• **Task statement**
Below is a listing. Return the lines from the one that contains "(¬1) الأثر في" to the one that contains "清华新闻网5月19日电(记者 曲田 摄影", both ends included, verbatim and with no pictures.

• **Task material**
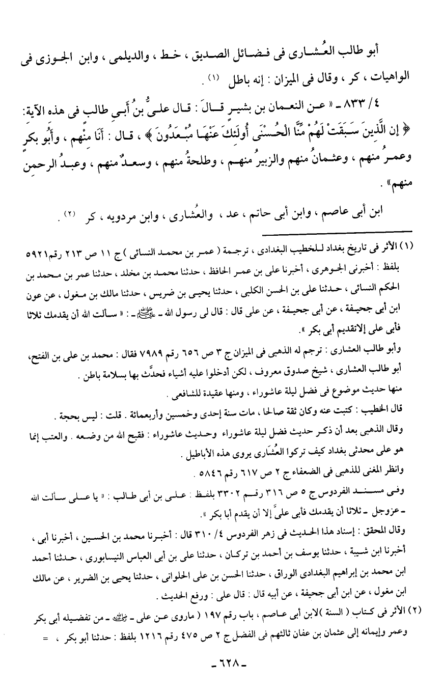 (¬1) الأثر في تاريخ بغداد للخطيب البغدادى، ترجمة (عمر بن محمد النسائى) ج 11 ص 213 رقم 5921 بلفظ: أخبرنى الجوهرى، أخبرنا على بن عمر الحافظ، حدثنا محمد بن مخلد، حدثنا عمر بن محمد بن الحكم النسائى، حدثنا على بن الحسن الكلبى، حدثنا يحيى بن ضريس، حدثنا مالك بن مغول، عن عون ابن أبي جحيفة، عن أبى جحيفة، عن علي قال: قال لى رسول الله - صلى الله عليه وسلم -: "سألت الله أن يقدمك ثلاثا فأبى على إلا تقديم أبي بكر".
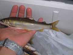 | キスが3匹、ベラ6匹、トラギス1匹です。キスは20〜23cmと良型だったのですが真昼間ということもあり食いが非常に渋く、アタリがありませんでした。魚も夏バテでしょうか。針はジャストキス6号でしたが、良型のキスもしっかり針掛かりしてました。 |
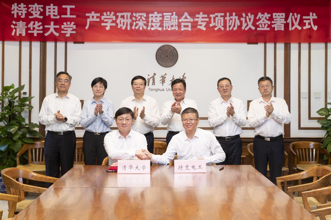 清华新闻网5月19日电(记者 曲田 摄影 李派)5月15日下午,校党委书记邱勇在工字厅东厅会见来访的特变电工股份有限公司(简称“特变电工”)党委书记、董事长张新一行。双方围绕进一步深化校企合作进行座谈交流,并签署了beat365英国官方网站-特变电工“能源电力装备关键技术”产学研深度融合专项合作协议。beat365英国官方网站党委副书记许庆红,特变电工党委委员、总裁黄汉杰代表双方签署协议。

--

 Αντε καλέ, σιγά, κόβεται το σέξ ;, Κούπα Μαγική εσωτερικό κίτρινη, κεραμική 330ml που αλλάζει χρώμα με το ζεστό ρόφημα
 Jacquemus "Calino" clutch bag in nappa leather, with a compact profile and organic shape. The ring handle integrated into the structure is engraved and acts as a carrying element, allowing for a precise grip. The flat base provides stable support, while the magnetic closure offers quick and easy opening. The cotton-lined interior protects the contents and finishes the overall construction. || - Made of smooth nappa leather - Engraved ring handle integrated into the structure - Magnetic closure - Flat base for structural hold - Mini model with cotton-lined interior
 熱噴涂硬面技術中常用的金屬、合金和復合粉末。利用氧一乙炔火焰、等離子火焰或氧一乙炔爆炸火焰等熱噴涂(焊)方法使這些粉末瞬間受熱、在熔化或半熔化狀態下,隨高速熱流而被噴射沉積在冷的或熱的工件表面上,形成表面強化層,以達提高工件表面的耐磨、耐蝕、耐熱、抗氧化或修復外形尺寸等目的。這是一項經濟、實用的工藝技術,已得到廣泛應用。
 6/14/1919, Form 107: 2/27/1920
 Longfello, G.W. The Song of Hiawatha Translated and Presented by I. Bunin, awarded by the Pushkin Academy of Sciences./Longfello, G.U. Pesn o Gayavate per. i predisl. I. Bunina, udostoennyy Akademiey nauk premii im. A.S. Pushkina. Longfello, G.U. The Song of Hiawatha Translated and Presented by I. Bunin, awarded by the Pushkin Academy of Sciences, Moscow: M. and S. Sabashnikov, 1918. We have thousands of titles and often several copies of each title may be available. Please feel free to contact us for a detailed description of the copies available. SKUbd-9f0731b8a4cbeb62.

• **Output**
 (¬1) الأثر في تاريخ بغداد للخطيب البغدادى، ترجمة (عمر بن محمد النسائى) ج 11 ص 213 رقم 5921 بلفظ: أخبرنى الجوهرى، أخبرنا على بن عمر الحافظ، حدثنا محمد بن مخلد، حدثنا عمر بن محمد بن الحكم النسائى، حدثنا على بن الحسن الكلبى، حدثنا يحيى بن ضريس، حدثنا مالك بن مغول، عن عون ابن أبي جحيفة، عن أبى جحيفة، عن علي قال: قال لى رسول الله - صلى الله عليه وسلم -: "سألت الله أن يقدمك ثلاثا فأبى على إلا تقديم أبي بكر".
 | キスが3匹、ベラ6匹、トラギス1匹です。キスは20〜23cmと良型だったのですが真昼間ということもあり食いが非常に渋く、アタリがありませんでした。魚も夏バテでしょうか。針はジャストキス6号でしたが、良型のキスもしっかり針掛かりしてました。 |
 清华新闻网5月19日电(记者 曲田 摄影 李派)5月15日下午,校党委书记邱勇在工字厅东厅会见来访的特变电工股份有限公司(简称“特变电工”)党委书记、董事长张新一行。双方围绕进一步深化校企合作进行座谈交流,并签署了beat365英国官方网站-特变电工“能源电力装备关键技术”产学研深度融合专项合作协议。beat365英国官方网站党委副书记许庆红,特变电工党委委员、总裁黄汉杰代表双方签署协议。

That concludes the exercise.